These factors largely benefited the performance of longer-term Treasuries. Yields on 10- and 30-year issues declined by 31 (0.31%) and 41 basis points (0.41%), respectively, while five-year Treasury yields fell just two basis points (0.02%) and two-year Treasury yields rose four basis points (0.04%). The primary cause of the flattening yield curve was that even as longer-term bonds rallied, shorter-term issues were pressured by U.S. Federal Reserve Chair Janet Yellens suggestion that the Federal Open Market Committees first interest rate hike may occur sooner than investors had expected.

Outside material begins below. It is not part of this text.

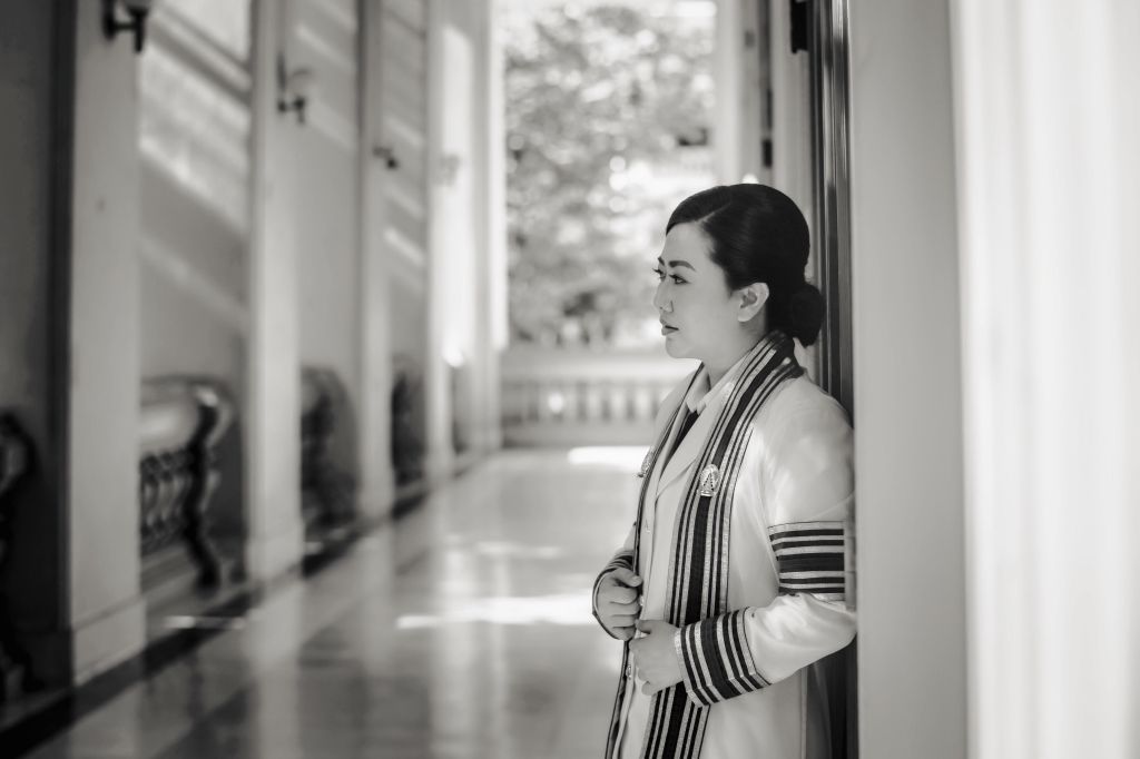 ส่วนช่วงท้ายขอเรียกว่า “การจบอย่างเป็นทางการ” ความรู้สึกตอนนั้นเราจะเห็นมันเป็นรูปธรรมแล้วเพราะมีกระบวนการมากมายที่สุดท้ายเรามักเรียกติดปากว่า “กระดาษแผ่นเดียว” และเอกสารพวกนั้นเอง ที่ทำให้เราถึงกับน้ำตาซึมออกมาเมื่อได้เห็นมันในมือ ในคราบน้ำตานั้นเต็มไปด้วยความรู้สึกมากมาย ภาพในหัววนขึ้นมาเหมือนเป็นหนังไตรภาคที่รวมฉากสำคัญไว้ แต่ละฉากก็สารพัดอารมณ์ ณ ตอนนั้นและเราฝ่ามันมาสำเร็จแล้ว เพราะกระดาษใบเดียวนั่นล่ะที่มันเป็นเหมือนสัญลักษณ์ที่ชัดเจนที่สุดที่บ่งบอกว่าเราผ่านอะไรมา ระดับความดีใจนี่บอกเลยว่าถ้าเรามีสเกลถึง 100 ครอบครัวและเพื่อนฝูงเรานี่คือ 10,000 (หัวเราะ) คนอื่นอาจฉลองจุดพลุ สำหรับผู้เขียนนี่คือจุดบั้งไฟล้านค่ะ (หัวเราะดัง)

The Portfolio returned 0.43% during the quarter, slightly underperforming its benchmark. The Portfolios positioning with respect to both the yield curve and duration had a negative effect on performance. However, our tactical exposure to select areas of the mortgage-backed securities sector helped to offset some of the impact.
If you're a conservative investor who prefers the income and quality assurance offered by government securities, you may find this Fund attractive. It is best suited for investors with relatively low-risk profiles and can provide a solid-core holding for income-oriented investors of all ages.
- Invest primarily in securities issued or guaranteed by the U.S. government or by its agencies.
- Select high-quality securities with maturities, under normal circumstances, between one and 10 years, with risk exposure managed in an effort to achieve reasonable returns.
- Buy and sell securities using a relative value approach that employs models that analyze and compare expected returns and assumed risks.